Studio album by Field of View
- Released: March 29, 2000
- Recorded: 2000
- Genre: J-Pop
- Length: 50:38
- Label: Nippon Columbia
- Producer: BMF

Field of View chronology
| Lovely Jubbly (1999) | Capsule Monster (2000) | Field of View Best: Fifteen Colours (2000) |

Singles from Capsule Monster
- "Fuyu no Parade" Released: December 22, 1999; "Beautiful day" Released: February 23, 2000;

= Capsule Monster =

Capsule Monster is the fifth and last original studio album by Japanese band Field of View. It was released on March 29, 2000, through Nippon Columbia.

The album consist of two previously released singles: Fuyu no Ballad and Beautiful Day. The album reached #43 on the Oricon charts for first week with 8,730 sold copies. It charted for 2 weeks and sold more than 12,000 copies.

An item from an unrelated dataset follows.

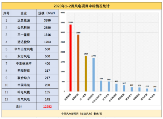 據每日風電統(tǒng)計,2023年1-2月,59個風電項目的中標情況顯示,已開標項目總規(guī)模達12282MW,涉及12家整機商。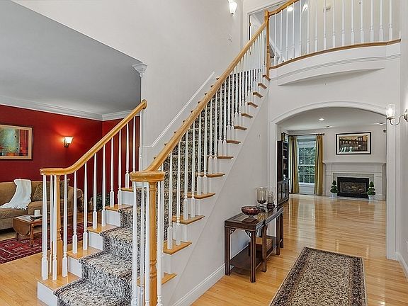 Welcome to an intelligently designed 5 bedroom, 4 1/2 bath home that proudly sits within a cul-de-sac, in-town location. You're welcomed into a large foyer that leads you to an open concept 1st floor with high ceilings, recessed lighting & gas fireplace family rm. A wonderful setting to entertain & create memories. 2nd floor offers a large main bedroom with WIC, beautiful main bath w/double vanity & Jetted tub. The main bedroom is smartly set away from the remaining bedrooms, all of which are spacious & two that have their own separate full baths. This design also offers the option of 2 home offices. W/D conveniently located on the 2nd floor. The walkout LL w/ sliders provides the option to expand even further and is plumbed for another full bath. Enjoy your surroundings and relax or entertain on the deck off of the large eat-in kitchen area, the balcony off the main bedroom or the patio through the sliders in the walkout LL. Hurry and make this beautiful home and location your own.

Before disband, they release two compilation albums.

== Track listing ==

| No. | Title | Lyrics | Music | Arranger(s) | Length |
|---|---|---|---|---|---|
| 1. | "Specially" | U-ya Asaoka | Yoshio Tatano | Field of View | 4:37 |
| 2. | "Kiseki no Hana" (奇跡の花) | U-ya Asaoka | Takeshi Oda, U-ya Asaoka | Daisuke Ikeda, Field of View | 4:17 |
| 3. | "Ai no Kakera" (愛のカケラ) | U-ya Asaoka | Takeshi Oda | Field of View | 4:49 |
| 4. | "Tomorrow" | U-ya Asaoka | Kenji Niitsu | Izumi Takanori | 4:26 |
| 5. | "Fuyu no Parade" (冬のバラード) | Kanako Oda | Yoshio Tatano | Daisuke Ikeda | 4:26 |
| 6. | "Bokura wa Mou Ichido Yari Naoseru kara" (僕らはもう一度やり直せるから) | U-ya Asaoka | U-ya Asaoka | D-Style | 4:50 |
| 7. | "I want..." | U-ya Asaoka | Takuto Kohashi | Akihito Tokunaga and FIELD OF VIEW | 5:09 |
| 8. | "Sayonara to Aozora" (サ・ヨ・ナ・ラとア・オ・ゾ・ラ) | U-ya Asaoka | U-ya Asaoka | Daisuke Ikeda and FIELD OF VIEW | 3:55 |
| 9. | "Kodou" (鼓動) | U-ya Asaoka | Takuto Kohashi | Daisuke Ikeda and FIELD OF VIEW | 4:49 |
| 10. | "Natsu no Ame" (夏の雨) | U-ya Asaoka | Takeshi Oda | FIELD OF VIEW | 4:01 |
| 11. | "Beautiful day" | U-ya Asaoka | Hiroshi Terao | Daisuke Ikeda and FIELD OF VIEW | 4:01 |

==In media==
- Fuyu no Ballad was used as the ending theme for the Tokyo Broadcasting System Television program Kokoro no Tobira.
- Beautiful Day was used as the opening theme for the Yomiuri program Shuffle.
  - In addition, it was also used as the ending theme for the FM Osaka program Sound Walk.